_Data provided_
• • • • • • •
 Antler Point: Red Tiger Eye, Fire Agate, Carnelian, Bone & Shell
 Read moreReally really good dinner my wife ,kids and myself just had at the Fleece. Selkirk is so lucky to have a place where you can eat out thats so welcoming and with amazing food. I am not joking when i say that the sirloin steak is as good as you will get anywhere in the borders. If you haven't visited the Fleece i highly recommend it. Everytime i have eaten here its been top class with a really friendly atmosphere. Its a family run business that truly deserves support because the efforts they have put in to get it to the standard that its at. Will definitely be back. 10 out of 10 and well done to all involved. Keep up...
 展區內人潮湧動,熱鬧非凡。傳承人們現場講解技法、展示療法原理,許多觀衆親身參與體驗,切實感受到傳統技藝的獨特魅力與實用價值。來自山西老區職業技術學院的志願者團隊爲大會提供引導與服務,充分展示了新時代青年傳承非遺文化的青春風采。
• • • • • • •
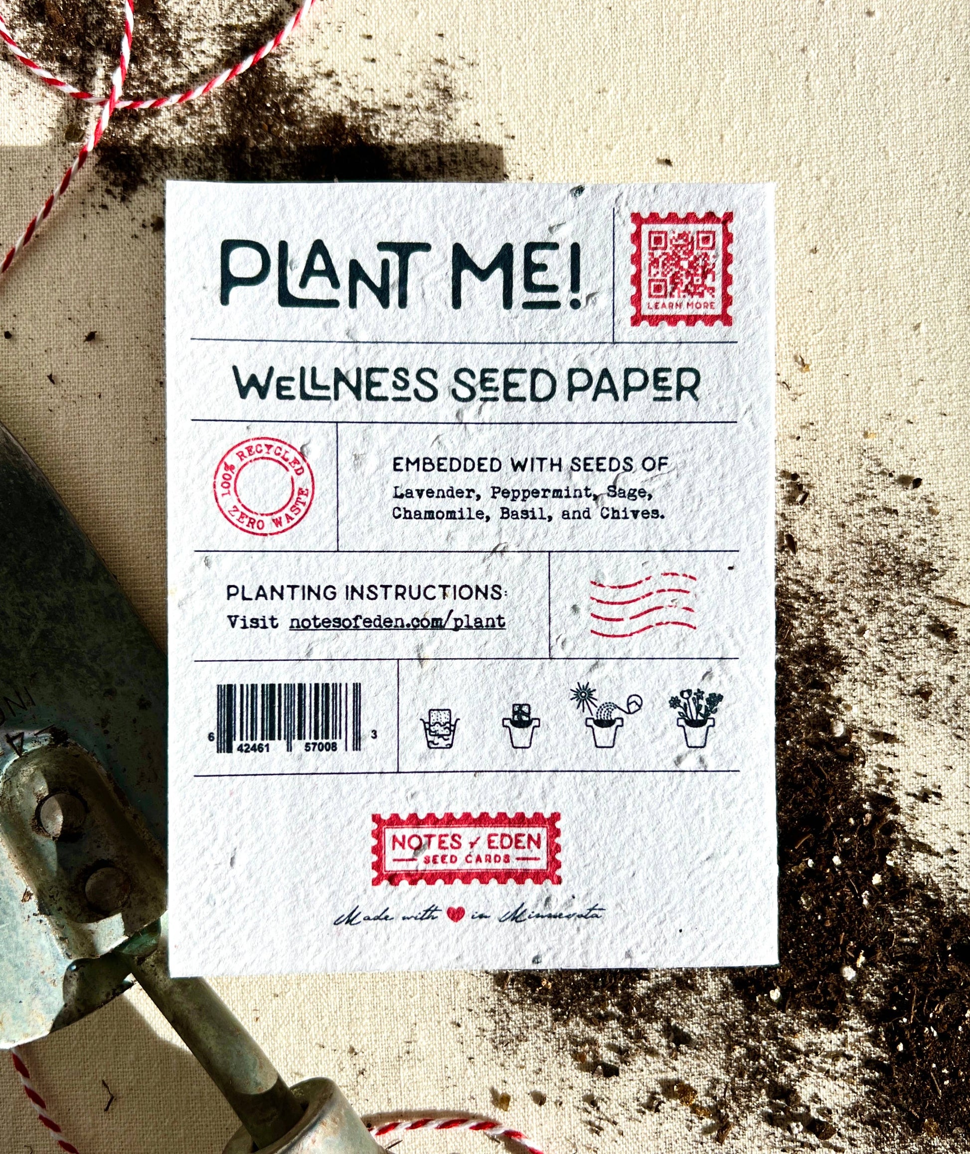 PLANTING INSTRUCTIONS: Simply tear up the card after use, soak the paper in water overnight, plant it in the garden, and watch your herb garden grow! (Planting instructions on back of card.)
• • • • • • •
_What you should do_
Everything above from the line containing "Antler Point: Red" down to the line containing "展區內人潮湧動,熱鬧非凡。傳" should be copied exactly, both end lines included, and nothing else.

_Answer section_
 Antler Point: Red Tiger Eye, Fire Agate, Carnelian, Bone & Shell
 Read moreReally really good dinner my wife ,kids and myself just had at the Fleece. Selkirk is so lucky to have a place where you can eat out thats so welcoming and with amazing food. I am not joking when i say that the sirloin steak is as good as you will get anywhere in the borders. If you haven't visited the Fleece i highly recommend it. Everytime i have eaten here its been top class with a really friendly atmosphere. Its a family run business that truly deserves support because the efforts they have put in to get it to the standard that its at. Will definitely be back. 10 out of 10 and well done to all involved. Keep up...
 展區內人潮湧動,熱鬧非凡。傳承人們現場講解技法、展示療法原理,許多觀衆親身參與體驗,切實感受到傳統技藝的獨特魅力與實用價值。來自山西老區職業技術學院的志願者團隊爲大會提供引導與服務,充分展示了新時代青年傳承非遺文化的青春風采。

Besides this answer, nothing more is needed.